Over the past few days, I have referenced the kernel source code and ported the SMMU register initialization process. Through multiple stress tests, I have attempted to reproduce the CMDQ base address register write failure issue. The summarized results of my experiments are as follows:
1. When testing with one CPU core bound using taskset, the initialization process was executed 300,000 times without encountering the CMDQ base address register write failure issue. However, when not binding CPU using taskset, the issue was reproduced around 1,000 iterations into the test.

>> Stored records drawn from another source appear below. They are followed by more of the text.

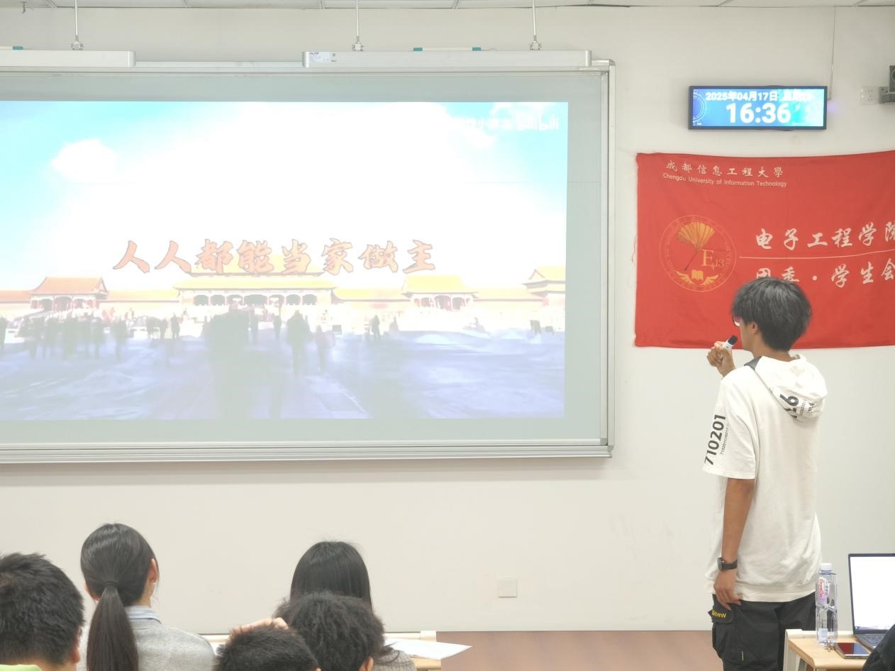 在五四青年节来临之际,为锻炼学生的语言能力,提升综合素质,同时让青年学子在经典影视中汲取奋进力量,传承五四精神,4月17日电子工程学院(大气探测学院)于H1201教室举办了“经典之声,‘语’你相伴”配音大赛。电子工程学院辅导员老师和数百名学生参与本次活动。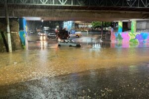 Na noite desta terça-feira 14/10, durante a forte chuva que atingiu Muriaé, o Corpo de Bombeiros foi acionado pela Polícia Militar para atender uma ocorrência de alagamento nas proximidades do viaduto, próximo à ponte da rodoviária.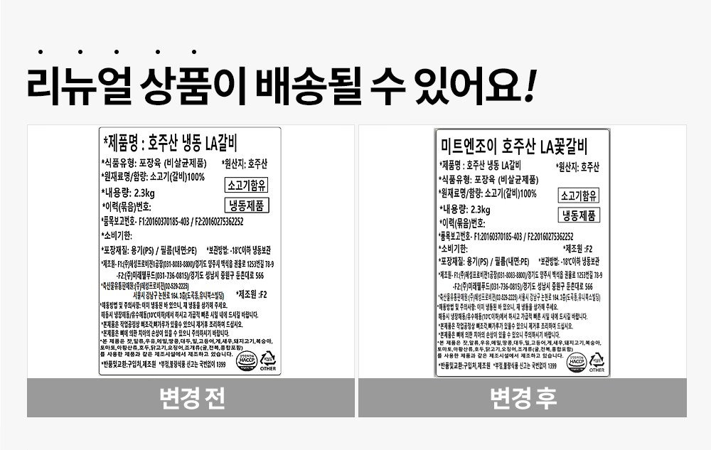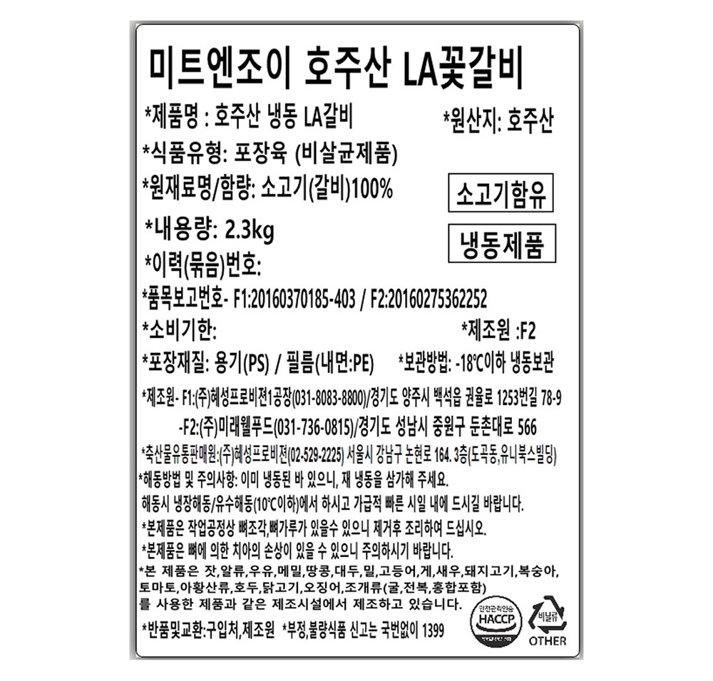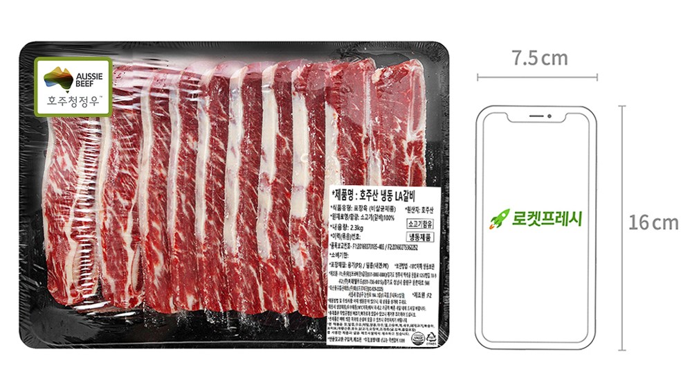 | 품목 또는 명칭 | 호주산 냉동 LA갈비 | 포장단위별 내용물의 용량(중량),수량,크기 | 2.3kg x 2개 |

2. Without CPU binding, I inserted a memory barrier between accesses to the CMDQ_BASE register and CMDQEN register, similar to the modification made in the patch. After executing the initialization process 300,000 times, the CMDQ base address register write failure issue did not occur.

Based on these observations and joint analysis with CMN colleagues, we speculate that in the SMMU register initialization process, if the CPU core changes, and these CPUs are located on different dies, the underlying 4 CCG ports are utilized to perform die-to-die accesses. However, in our current strategy, these 4 CCG ports cannot guarantee ordering, resulting in the completion of CMDQEN writing before the completion of CMDQ base address writing.

>From the analysis above, it seems that modifying the die-to-die access strategy to achieve ordering of Device-nGnRE memory might be a better solution compared to adding a memory barrier?